James Gibbs' steeples

 

 

James Gibbs was the  Surveyor of the Work for the design and construction of St. Martin in the Field, Trafalgar Square, London, begun in 1722, completed in 1726.

 

 His pattern book, On Architecture, published in 1728, had 150 plates. 7 were engravings for St. Martin's. He writes that Plate II is "The Geometrical Plan of the Church and Portico, shewing the Disposition of the whole Fabrick." (Introduction - i)

Plate III, shown here, is "The West Front and Steeple"

 

Many churches and steeples are included in Gibbs' book. Plates 29 and 30 show 6 images of steeples, all drawn for St. Martin's but not chosen. Plate 31 has 5 draughts of steeples for St. Mary le Strand. 
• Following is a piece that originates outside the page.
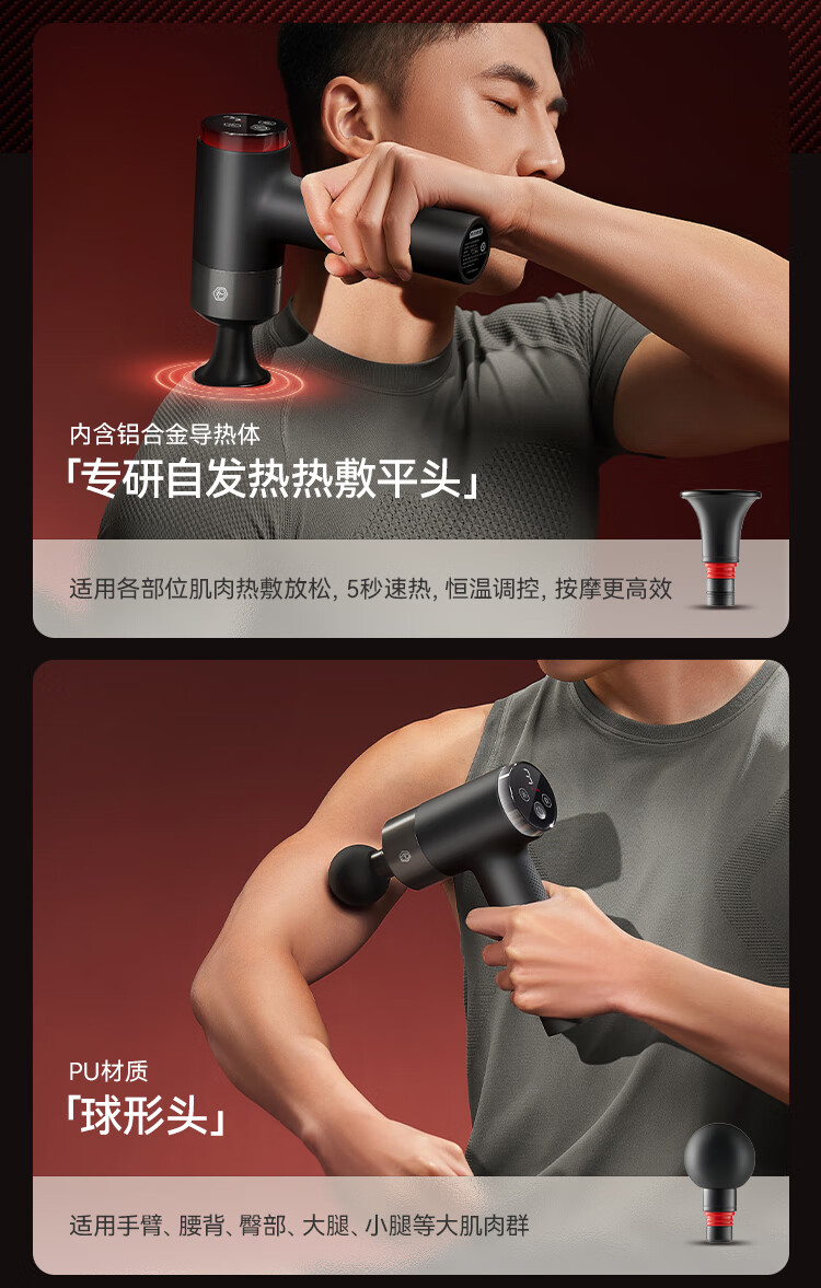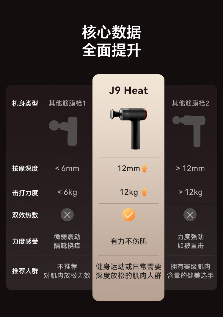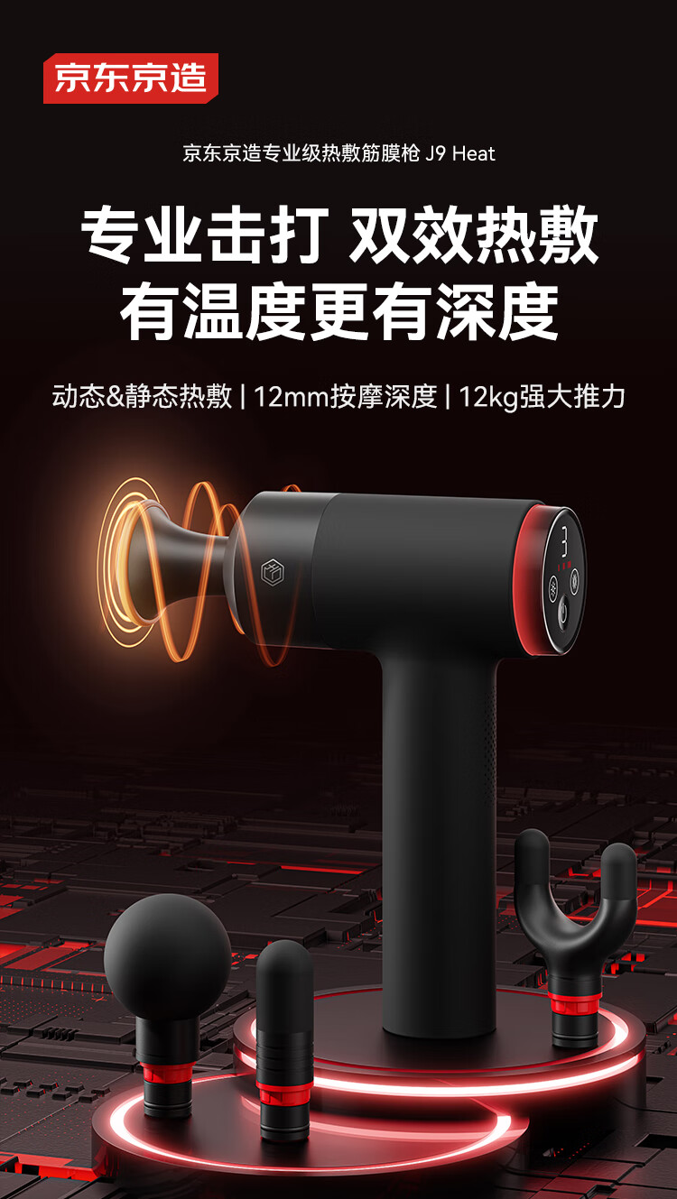 京东京造专业级热敷筋膜枪J9 Heat全身肌肉按摩器肩颈椎按摩仪竞赛级筋膜按摩器生日礼物女新年礼物男 JZJM-J9 Heat/把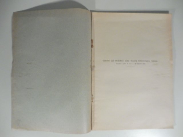 In 8 (cm 17 x 24,5), pagine numerate da 81 a 85. Dedica autografa dell'A. al piato anteriore. Brossura muta coeva. Alone al margine interno delle pagine dovuto a punto metallico. Estratto editoriale dal Bollettino della Societa' entomologica italiana.

In 1775, the Providence (RI) Gazette, writing about the Baptist Meetinghouse, comments on the use of the "middle Figure in the 30th Plate of Gibbs designs" * for the church steeple.

 

 

This engraving is the draught (the architectural drawing) of the Geometric Plan of that steeple. Gibbs writes that while steeples are Gothick, "...they have their Beauties, when their parts are well dispos'd, and when the plans of the several Degrees and Orders of which they are compos'd gradually diminish and pass from one form to another without confusion, and when every Part has the appearance of a proper Bearing." (viii)

 

 

The Master Builder for the Baptist Meetinghouse was Joseph Brown. How did he know what to do from those instructions? 

He was not only a builder but an astronomer, a scientist and a professor. He knew his Geometry.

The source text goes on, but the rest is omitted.